Cable news is ripe for disruption

Why is cable news, CNN, Fox, MSNBC, such a cesspool of idiocracy?

It's not necessarily because the people they get are idiots, because they're not.

In the last couple of of days this has been confirmed by appearances by two people, Jay Rosen, my former colleague at NYU, and Julia Ioffe of the New Republic.

Rosen was on Up with Chris Hayes, moderated that night by Ezra Klein, talking about the purchase of the Washington Post by Jeff Bezos. I tuned in of course, because Jay had been firing on all cylinders lately on his blog with perspective on what the Snowden revelations have taught us about American journalism. I was looking forward to Jay's brilliance to shine through, but I was disappointed. Jay explained later that cable news can't carry complex, interesting ideas. It's the can't part that I don't accept. I understand that it doesn't but I think it can.

Jay did manage to say one important thing, that tech people tend to see things on a longer timescale than journalists do. We tend to be impatient, knowing that our lives are ticking by quickly, and our chance to participate in an intellectual ideafest is waning with every turn of the news cycle. As cable news descends further into mediocrity, to some extent, so goes our chance of having meaningful lives.

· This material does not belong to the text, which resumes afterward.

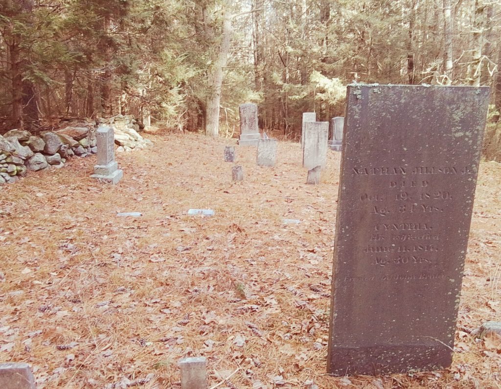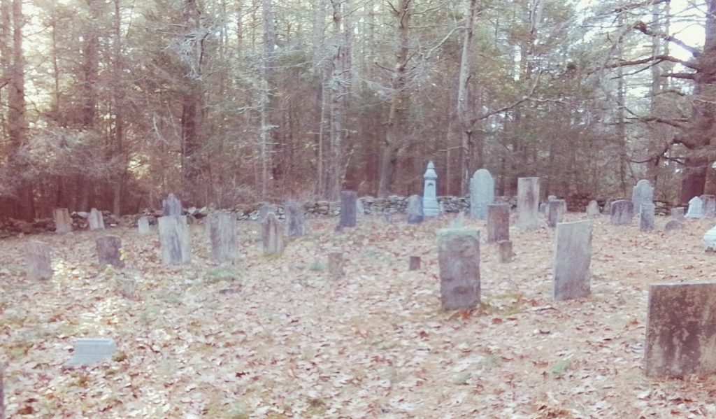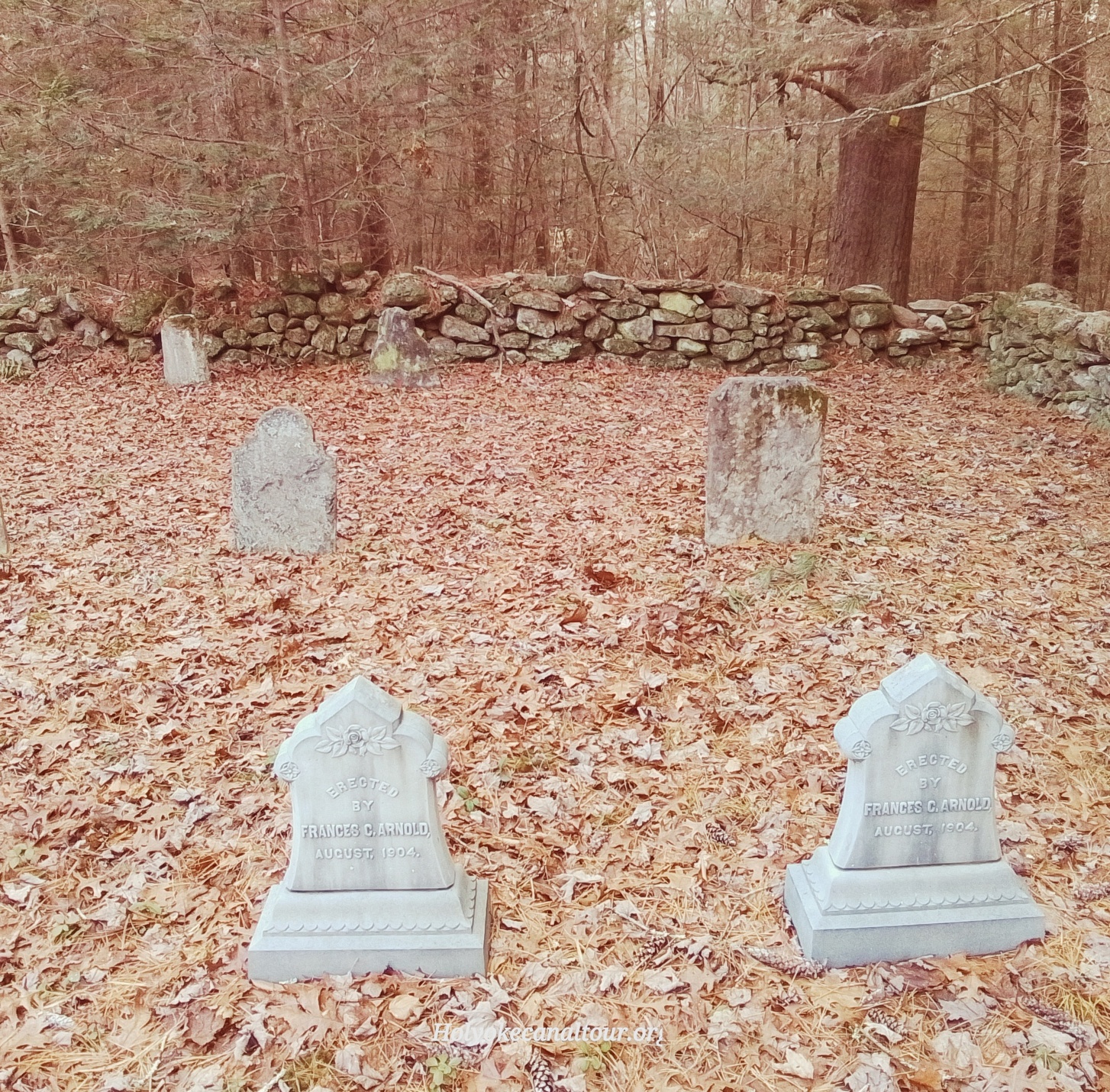 Arnold Burial Ground is from 1806. It is located on Amherst Road in Pelham at coordinates: 42.37918, -72.44054 Just east of the juncture of Meetinghouse Road and Enfield Road. To get to this location you will need to park alongside the highway at a put-in and then hike into the woods about 400 yards. Regular burials until 1917 except one later than that when a modern burial was put in. Also Gulley Potter is buried here but once was at the Quaker Cemetery which is found along the same dirt trail.

I discovered Ioffe's post on the New Republic through links in my Twitter feed. Ignore the bit at the beginning where she takes cheap shots at Lawrence O'Donnell. It really wasn't necessary to make her point, which was perfectly spelled out in her post, explaining why Putin couldn't have done anything but give Snowden asylum after the US, ineptly, removed all other options. Her post is brilliant! I had an inkling this was true, but I'm nowhere near as informed as she is on US-Russian affairs, but everything she said made sense, and almost none of it got past O'Donnell's loud, pushy and idiotic monolog.

She said, in her post, that he was an angry grandpa who was mansplaining things to her. O'Donnell is an idiot, but I don't think that's because he's a man, or old enough to be anyone's grandpa. Dismissing him that way is the equivalent of dismissing Ioffe as a hot babe who should stay at home and let men run the world. Who cares. In this context it's the ideas that matter. O'Donnell's were clearly worthless. Anyone watching the video can see that. Also, the fault is not even his, it's the format's. We need to get him out of the moderator's chair. Replacing him with a younger man or woman isn't the change that's needed.

At one point I thought Ezra Klein was the change we needed, but I haven't heard his story change after the Snowden revelations, which imho was necessary for me to have any trust in him. He's not old enough to be anyone's grandpa, and he doesn't do a lot of mansplaining, but he's rooted in the corruption exposed by Snowden. He really can't be part of the change we need, until his approach changes accordingly.

So here are two people with something to say, clearly, who were on the air, and we saw nothing but the usual boring bullshit. If we wanted to capture their thinking, we could only get it through their blogs. There's the change, right there. Can we envision a one hour cable news show that could get the information that Rosen and Ioffe can get into a single blog post? Of course! Someone should try it. Let's go.